WHAT YOU NEED TO DO: Repeat exactly the lines from the start of the records below through the line that contains "3,完成 5—6 题。", including both.
::: LISTED ENTRIES
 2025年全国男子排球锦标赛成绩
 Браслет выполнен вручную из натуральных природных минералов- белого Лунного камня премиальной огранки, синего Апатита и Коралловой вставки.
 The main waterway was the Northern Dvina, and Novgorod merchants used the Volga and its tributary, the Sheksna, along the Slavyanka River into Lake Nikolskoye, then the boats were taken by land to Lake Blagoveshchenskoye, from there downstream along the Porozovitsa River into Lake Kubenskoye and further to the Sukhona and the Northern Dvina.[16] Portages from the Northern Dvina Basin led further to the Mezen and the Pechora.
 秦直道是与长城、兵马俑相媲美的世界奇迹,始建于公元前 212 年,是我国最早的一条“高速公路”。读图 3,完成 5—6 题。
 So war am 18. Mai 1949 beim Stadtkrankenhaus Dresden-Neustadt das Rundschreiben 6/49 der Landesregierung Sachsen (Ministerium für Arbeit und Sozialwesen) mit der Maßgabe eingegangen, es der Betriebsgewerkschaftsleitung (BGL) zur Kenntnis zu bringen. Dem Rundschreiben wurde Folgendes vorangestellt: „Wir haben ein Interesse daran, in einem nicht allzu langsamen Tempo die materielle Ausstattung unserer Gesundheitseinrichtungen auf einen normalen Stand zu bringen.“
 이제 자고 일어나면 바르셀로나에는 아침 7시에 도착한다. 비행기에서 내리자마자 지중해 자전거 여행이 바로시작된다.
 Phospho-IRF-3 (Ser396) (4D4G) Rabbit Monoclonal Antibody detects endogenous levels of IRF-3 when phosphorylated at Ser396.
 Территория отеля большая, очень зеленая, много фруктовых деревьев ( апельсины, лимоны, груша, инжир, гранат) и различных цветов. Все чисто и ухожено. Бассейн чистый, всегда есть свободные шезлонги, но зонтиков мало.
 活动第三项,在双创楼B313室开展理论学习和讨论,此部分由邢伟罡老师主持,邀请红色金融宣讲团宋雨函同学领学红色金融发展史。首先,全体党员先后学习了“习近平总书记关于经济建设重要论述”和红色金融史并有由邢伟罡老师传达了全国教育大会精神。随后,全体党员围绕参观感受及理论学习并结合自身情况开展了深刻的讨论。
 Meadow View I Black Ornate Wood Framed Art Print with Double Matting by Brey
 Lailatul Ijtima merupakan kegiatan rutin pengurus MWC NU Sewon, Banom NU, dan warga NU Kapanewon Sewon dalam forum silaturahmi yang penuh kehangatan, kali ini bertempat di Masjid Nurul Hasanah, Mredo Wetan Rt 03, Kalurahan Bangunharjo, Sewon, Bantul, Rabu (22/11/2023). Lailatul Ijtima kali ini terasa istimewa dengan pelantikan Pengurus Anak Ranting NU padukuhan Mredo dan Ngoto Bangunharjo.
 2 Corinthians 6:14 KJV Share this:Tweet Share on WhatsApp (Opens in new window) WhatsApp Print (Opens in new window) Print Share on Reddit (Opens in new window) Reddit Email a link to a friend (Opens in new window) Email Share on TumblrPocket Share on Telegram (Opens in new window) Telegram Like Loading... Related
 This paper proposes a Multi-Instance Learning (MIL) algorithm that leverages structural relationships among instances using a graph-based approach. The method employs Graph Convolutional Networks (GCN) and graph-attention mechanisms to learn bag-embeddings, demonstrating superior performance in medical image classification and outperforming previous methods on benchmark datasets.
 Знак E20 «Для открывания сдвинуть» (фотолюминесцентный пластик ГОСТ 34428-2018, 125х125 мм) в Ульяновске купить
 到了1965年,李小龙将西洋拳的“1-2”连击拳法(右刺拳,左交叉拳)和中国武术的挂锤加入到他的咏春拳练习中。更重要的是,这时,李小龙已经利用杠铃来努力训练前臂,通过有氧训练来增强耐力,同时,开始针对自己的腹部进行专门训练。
::::::
RESPONSE TO THIS EXERCISE:
 2025年全国男子排球锦标赛成绩
 Браслет выполнен вручную из натуральных природных минералов- белого Лунного камня премиальной огранки, синего Апатита и Коралловой вставки.
 The main waterway was the Northern Dvina, and Novgorod merchants used the Volga and its tributary, the Sheksna, along the Slavyanka River into Lake Nikolskoye, then the boats were taken by land to Lake Blagoveshchenskoye, from there downstream along the Porozovitsa River into Lake Kubenskoye and further to the Sukhona and the Northern Dvina.[16] Portages from the Northern Dvina Basin led further to the Mezen and the Pechora.
 秦直道是与长城、兵马俑相媲美的世界奇迹,始建于公元前 212 年,是我国最早的一条“高速公路”。读图 3,完成 5—6 题。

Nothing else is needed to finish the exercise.